Infosys Chief Executive Officer (CEO) Salil Parekh’s annual compensation increased by 22 per cent to Rs 80.6 crore for the fiscal year 2025, the company’s annual report showed.
While the average salary hike for Infosys employees in India was 12 per cent, Parekh received a 22 per cent hike, highlighting the disparity between the chief executive officer and employee compensation in the IT industry, which continues to expand.
The largest portion of his pay came from stock option perquisites, which amounted to Rs 49.5 crore, while his bonus stood at Rs 23 crore and his base salary was Rs 7.4 crore.
He earned Rs 50 lakh as retiral benefits and his variable pay went up to Rs 23.2 crore in FY25 from Rs 19.8 crore in FY24.
The pay of Infosys’ chief is higher than that of his counterparts at Tata Consultancy Services (TCS) and Wipro.
TCS’ CEO and MD K Krithivasan’s salary had inched up by 4.6 per cent to Rs 26.5 crore in FY25, while Wipro CEO and Managing Director Srinivas Pallia’s pay increased by 10 per cent to about Rs 53.6 crore during the last fiscal.

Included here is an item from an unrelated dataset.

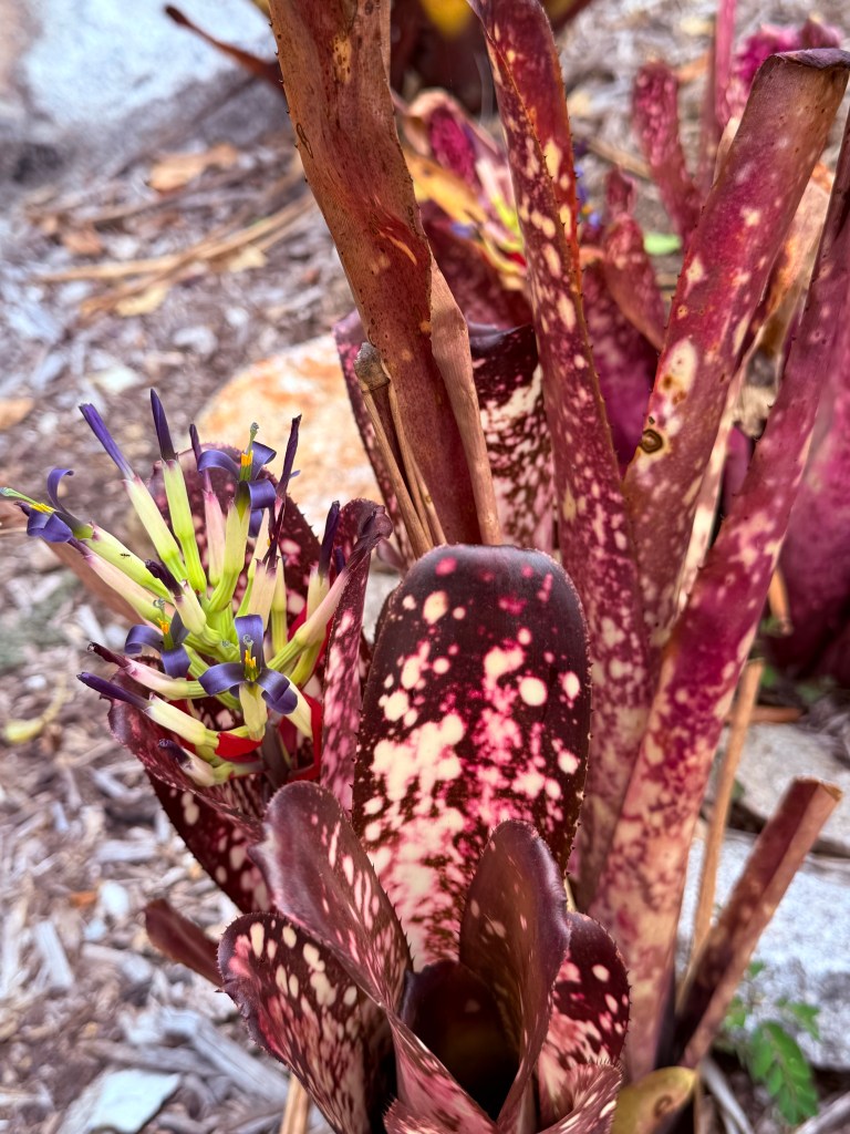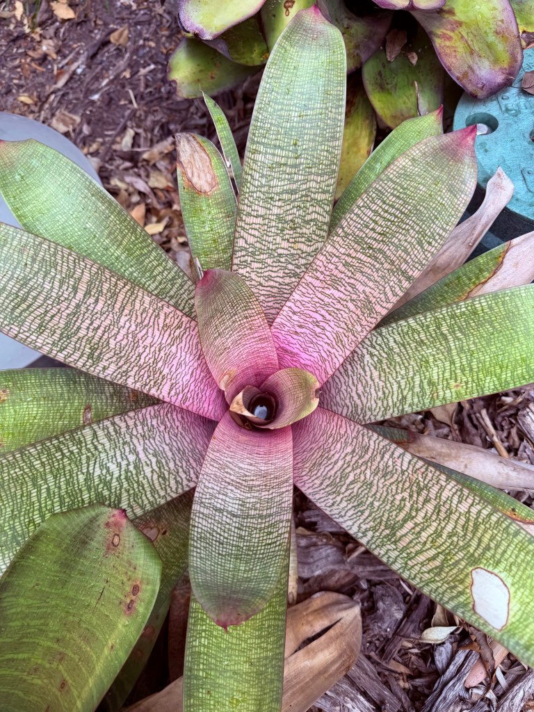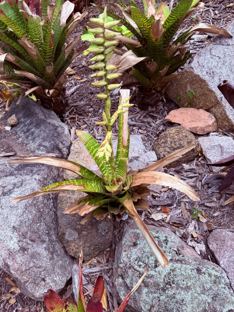 We ate our bromeliad just the other day – our very own pineapple, grown from a top. They take about 2 years to mature !

According to the Annual Report, Parekh made 752 times the median remuneration – Rs 10.72 lakh – of the company’s employees.
In his letter to shareholders, Parekh said Infosys is the leader in AI, cloud, data, and digital for clients.

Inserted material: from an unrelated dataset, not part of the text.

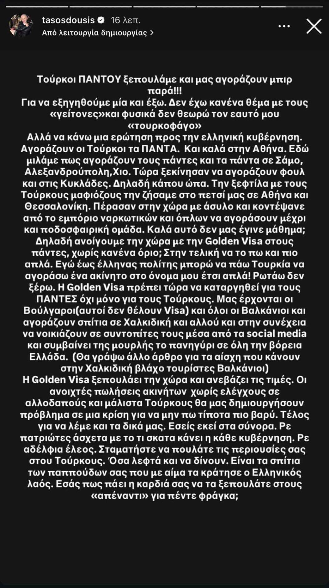 Ο Τάσος Δούσης, μέσα από μια μακροσκελή ανάρτηση που έκανε στον προσωπικό του λογαριασμό στο Instagram, ξέσπασε για την αγορά ακινήτων από Τούρκους και όχι μόνο στην Ελλάδα. Ο γνωστός δημοσιογράφος και εκδότης εξέφρασε την έντονη ανησυχία του για το ζήτημα, κάνοντας λόγο για ξεπούλημα περιουσιών και καλώντας την κυβέρνηση να λάβει μέτρα σχετικά με την πολιτική της Golden Visa.

“Data is another foundational element for AI. Our capabilities in data architecture and managing structured and unstructured data give our clients confidence to use their data for enterprise AI deployment,” he added.
Infosys chairman Nandan Nilekani also said in the letter that the world is navigating an unprecedented era of uncertainty, marked by converging global trends that challenge traditional business fundamentals.

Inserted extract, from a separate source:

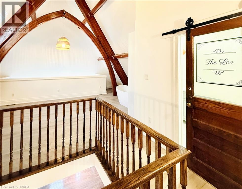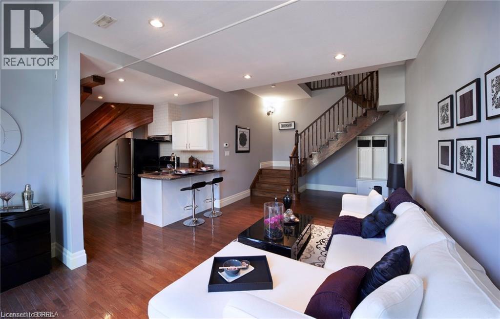 Have you ever wanted to live in an old church, of course fully converted and renovated to high heaven? Located in the heritage district on Brant Ave, you are minutes from the 403, shopping, parks, the trails, and of course the Grand River. This one bedroom unit is absolutely stunning. The primary bedroom will leave your jaw on the floor, and the cozy vibes are felt the moment you step inside. Just under 1,000 square feet, this loft-style home is filled with character and natural light. The great room impresses, original windows, and rich hardwood floors that ground the space while still letting it feel bright and airy. Thoughtful attention has been paid to preserving the charm of the original building while seamlessly blending in modern finishes. The Bathroom and bedroom have been renovated giving the vibes of living in a boutique hotel. The kitchen is stylish and functional, with granite countertops, and stainless steel appliances. A breakfast bar anchors the space, perfect for casual meals, entertaining, or enjoying your morning coffee. The hardwood flooring continues throughout, creating a polished feel. The wood staircase is a statement all on its own, leading to a landing that works perfectly as a home office or study area. Continue upstairs and you will find an impressive loft bedroom with plenty of closet and storage space. The view overlooking the great room adds to the uniqueness of the space, making it feel truly special. A clean and timeless four piece bathroom completes the upper level. Centrally located near trails, golf, parks, museums, the library, and close to both Wilfrid Laurier University and Conestoga College, this is carefree condo living at its best. Ideal for a busy professional or an active downsizer who wants something unique, low maintenance, and full of character. This is not just a place to live. It is a lifestyle with history, warmth, and undeniable presence. Don't delay, call your REALTOR® today. (70004640)

Geopolitical shifts are fragmenting the global market into distinct blocs, demanding strategic navigation and diversification. Evolving tariffs and regional trade rules are further reshaping supply chains.
“Supply chains will continue to shift as tariffs become another form of arbitrage. As geopolitics becomes front and centre in our lives, we are having to take cognisance of the world not as one single global market but as fragmented blocs and countries. This means making strategic choices and even navigating between these blocs. Covid brought into focus the critical and pressing need to de-risk our supply chain and build viable alternatives. It was no longer enough to deliver just-in-time; we also had to factor in just-in-case. Now tariffs are further driving home the point that we need to diversify our sourcing,” he said.